I'v been running into issues with pglite getting corrupted in persist to disk mode. The most human scenario is that you
have on pnpm dev running in one window and then you start for a quick test not remembering that you already had one open.
In my dev work this honestly happens daily so it was hard to use pglite practically as an sqlite replacement.

But simple fix just add a lock file.
This is nothing fancy since postgres assumes it has full control we just reject the second process trying to use the data
dir.

@dv2202

dv2202 commented Feb 19, 2026

Copy link
Copy Markdown

This makes a lot of sense. Accidental multi-process access during local dev is very real, especially when using pnpm dev in multiple terminals.

The lock file approach feels like a clean and pragmatic safeguard, especially since Postgres assumes exclusive control over the data directory.

Curious is there any plan to expose a clearer error message when the second process is rejected so it’s obvious what happened?

@SatyabratDivedi

Copy link
Copy Markdown

This is a really practical improvement. Locking the data dir should prevent a whole class of annoying dev-time corruption issues, and the partial initdb handling makes the setup much more robust. Great work!

@tdrz

tdrz commented Feb 19, 2026

Copy link
Copy Markdown
Collaborator

@reisepass Thank you for this!

^I would be fine also editing this out if someone doesn't like this behavior the Lock file is the important feature

I would prefer if you address only the lock file issue for the moment.

I just skimmed through the changes (sorry, really busy with other things), seems like there are a lot of other files (tests?) added.
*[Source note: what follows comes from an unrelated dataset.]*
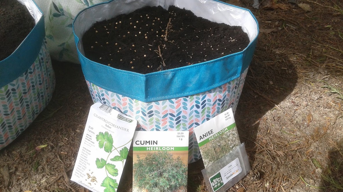 My friend gifted me with these little planter bags, and I filled them with super rich fish compost. These bags are interesting in that they only have one hole in the bottom, but the bag is lined with a clear plastic. That means it's going to keep the soil very humid with moisture. I think this will be ideal for herbs that love moisture and warmth.

For the sake of simplicity, if the only thing addressed is the locking of folder access, please consolidate in a single test file or add to existing test files the minimum that tests the new functionality.

Curious is there any plan to expose a clearer error message when the second process is rejected so it’s obvious what happened?

Sounds reasonable.

@reisepass reisepass changed the title Add data directory locking and partial corrupt initdb cleanup Add data directory locking to NodeFS to prevent multi-process corruption Feb 22, 2026
@reisepass

Copy link
Copy Markdown
Author

@tdrz what do you think now its much fewer files as requested

@tdrz

tdrz commented Mar 17, 2026

Copy link
Copy Markdown
Collaborator

@tdrz what do you think now its much fewer files as requested

Thank you! Looks pretty good, I'll take a closer look this week. Thank you for your work and patience!

@tdrz tdrz self-requested a review March 17, 2026 20:16
@tdrz tdrz self-assigned this Mar 17, 2026
Comment thread packages/pglite/src/fs/nodefs.ts Outdated
@tdrz tdrz self-requested a review March 30, 2026 12:59
@reisepass

reisepass commented Apr 1, 2026

Copy link
Copy Markdown
Author

Hurray for CI, so

instantiation.test.ts , drop-database.test.ts and pgvector.test.ts do not call close() it seems.

@tdrz

tdrz commented Apr 1, 2026

Copy link
Copy Markdown
Collaborator

instantiation.test.ts , drop-database.test.ts and pgvector.test.ts do not call close() it seems.

Some do not call it intentionally:

'should drop postgres db and restart after unclean shutdown'

...
      // we don't close pg here on purpose
      pg = null
    }

    // pause for a bit for GC...
    await new Promise((resolve) => setTimeout(resolve, 10))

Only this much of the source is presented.